━━ PROVIDED DATA ━━
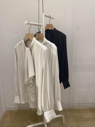 ・ドレープタイは取り外しができる、2WAY仕様の長袖ブラウス。
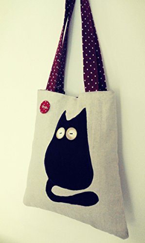 Shopper in Canvas con applicazione gatto nero
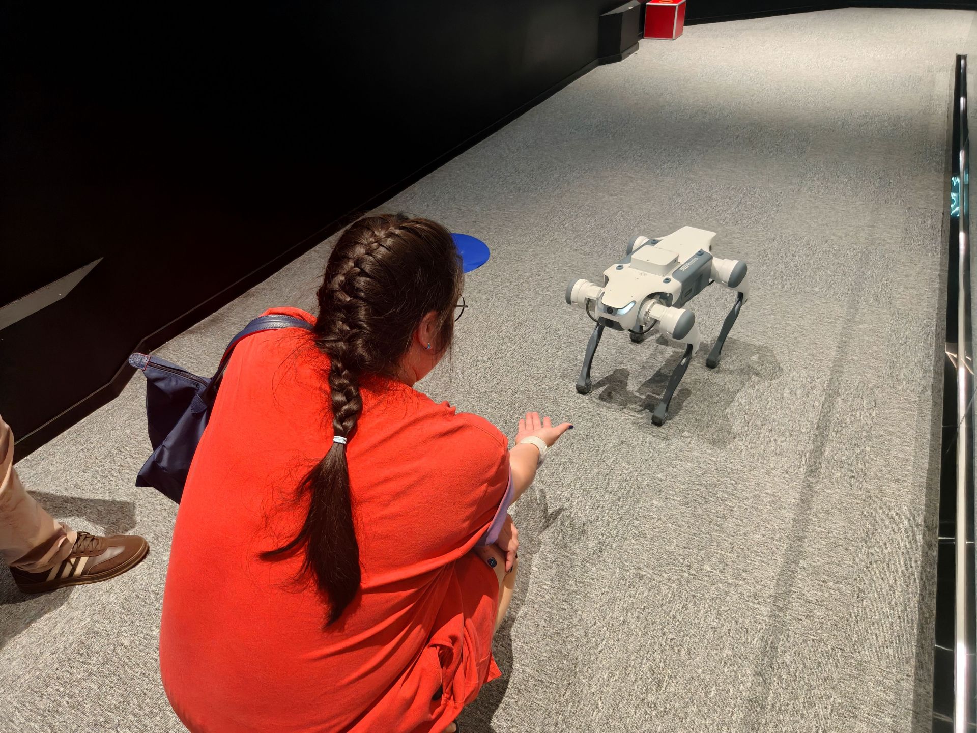 印尼游客与机器狗互动。
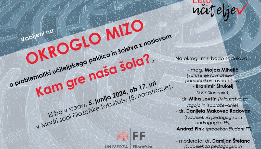 Filozofska fakulteta ULV sklopu prireditev ob Letu učiteljev vas vabimo na okroglo mizo o problematiki učiteljskega poklica in šolstva z naslovom Kam gre naša šola?, ki bo v sredo, 5. junija 2024, ob 17. uri v Modri sobi Filozofske fakultete (5. nadstropje).
━━━
**ASSIGNMENT:**
A faithful copy is needed: reproduce all of the data above, leaving the pictures out.

**TASK SOLUTION:**
 ・ドレープタイは取り外しができる、2WAY仕様の長袖ブラウス。
 Shopper in Canvas con applicazione gatto nero
 印尼游客与机器狗互动。
 Filozofska fakulteta ULV sklopu prireditev ob Letu učiteljev vas vabimo na okroglo mizo o problematiki učiteljskega poklica in šolstva z naslovom Kam gre naša šola?, ki bo v sredo, 5. junija 2024, ob 17. uri v Modri sobi Filozofske fakultete (5. nadstropje).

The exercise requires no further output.